Mean AIC (left), the rEKL (left), and mean BIC (right) results for three simulations. The label on the x-axis represents the groups of MSAs with different proportions of incorrectly partitioned sites. The dots represent the rEKL values and the lines the mean AIC and BIC.

Under nonstandard conditions, AIC was a biased estimator of rEKL (Fig. 2b,c), and this result is consistent with those in Jhwueng et al. (2014). The mean Bias(AIC) is greater for more complex models (i.e., P-UEL and M-UGP) under nonstandard conditions (Table 4). The differences in the mean Bias(AIC) between a partition model and a mixture model are similar under mild and extreme simulations. In the mild simulations, the mean Bias(AIC) of both partition models is greater than the M-LGP mixture model, and is smaller than the M-UPG mixture models. In the extreme simulations, the mean bias of the M-LGP model is still the smallest, but the mean Bias(AIC) of both partition models are not always smaller than the M-UGP mixture model (Table 4).

Table 4.

Bias (AIC) in estimating the relative expected Kullback–Leibler divergence (rEKL) values for 0% and 50% groups of MSAs for 3 simulations. Bias(AIC) = rEKL − E(AIC). The Bias(AIC) were the same for the GHOST mixture models across all groups of MSAs, so only one value is shown for the mixture models. The Bias(AIC) for the partition models were very similar to each other, so only the Bias(AIC) from 0% and 50% groups are shown in the table

Simulation Group Mean bias (AIC)
P-LEL P-UEL M-UGP M-LGP
Standard 0 %  15.4 11.4 12.4 16.8
50 %  20.5 20.0
Mild 0 %  −40.1 −77.8 −86.0 −21.2
50 %  −35.5 −61.2
Extreme 0 %  −46.8 −101.8 −91.7 −14.3
50 %  −40.4 −87.0

Bayesian Information Criterion

Under standard simulations, the result is the same as the result from AIC. That is, BIC preferred the P-UEL partition models from MSAs with 0% to 25% mispartitioning sites, and for the rest of the groups, BIC chose the M-UGP mixture models (Fig. 2d). Under mild and extreme conditions, BIC always chose the simpler P-LEL partition models over the more complex partition models (P-UEL) (Fig. 2e,f). This result is different to the result from AIC. That is, under mild and extreme simulations, AIC chose the complex P-UEL partition model when the MSAs contained none or a small amount (up to 15%) of mispartitioning sites, and chose the simpler P-LEL partition models for the rest of the MSAs (Fig. 2b,c). In summary, under mild and extreme conditions, BIC always selected the simpler P-LEL partition models while AIC preferred both partition models depending on the amount of mispartitioning sites in the data.
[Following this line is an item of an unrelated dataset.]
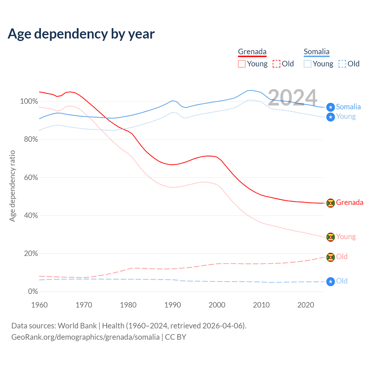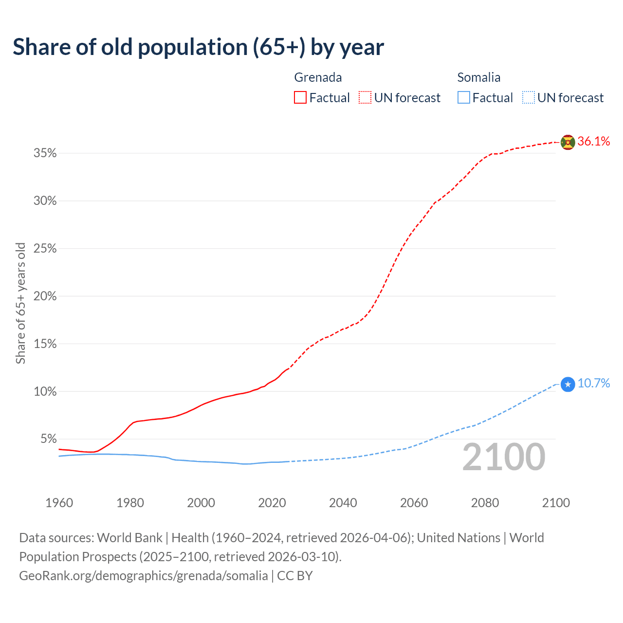 - The share of old-age demographic (65+) in Grenada is 12.2% vs 2.59% in Somalia.
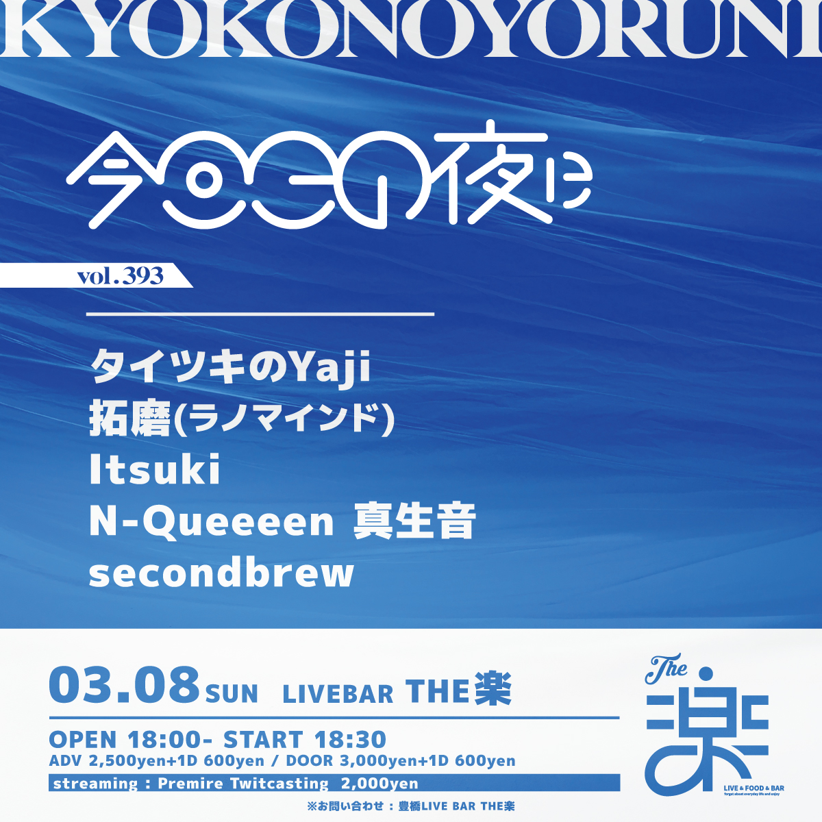 - ADV : 2,500 円 DOOR : 3,000 円 入場時にドリンク代 600円 が別途必要となります。

Performance of Models Chosen by AIC and BIC Under Various Levels of Mispartitioning

In the standard and mild simulations, models chosen by AIC and BIC all recovered the true topologies very well, 100% and nearly 100% of the time for all MSAs, respectively (Fig. 3a). In the extreme simulation, the proportion of the time the trees inferred by the models successfully recovered the generating topologies was in the range of [61%, 72%] (Fig. 3a), and these differences in accuracy between models were not statistically significant.

Figure 3.

Figure 3.

Proportion of the MSAs with the inferred topology the same as the generating topology and branch scores of the inferred trees to the generating tree 1 for three simulations. (a) Proportion of the time the trees inferred by each model recovered the correct generating tree topologies for different group of MSAs in mild and extreme simulations. The result is not shown for standard simulation, since the inferred trees from four models in this simulation all correctly recovered the generating tree topologies. (b)–(d) The mean branch scores for three simulations. Vertical bars indicate ±2 standard errors of the mean branch scores. The 11 bars for the P-UEL models, from left to right, represent the branch scores, for 0% to 50% groups of MSAs, respectively. Only one bar is shown for the P-LEL and the mixture models since mispartitioning has little effect (less than 1% difference in the mean branch scores) on the performance of these models in estimating the generating edge lengths.

Mispartitioning had no impact on the accuracy of the topologies inferred by the partition and the mixture models (Fig. 3a). The proportion of the time that a model recovered the generating topology remained the same as the incorrectly partitioned sites increased. This probably was due to the two generating trees having the same topology in the simulations.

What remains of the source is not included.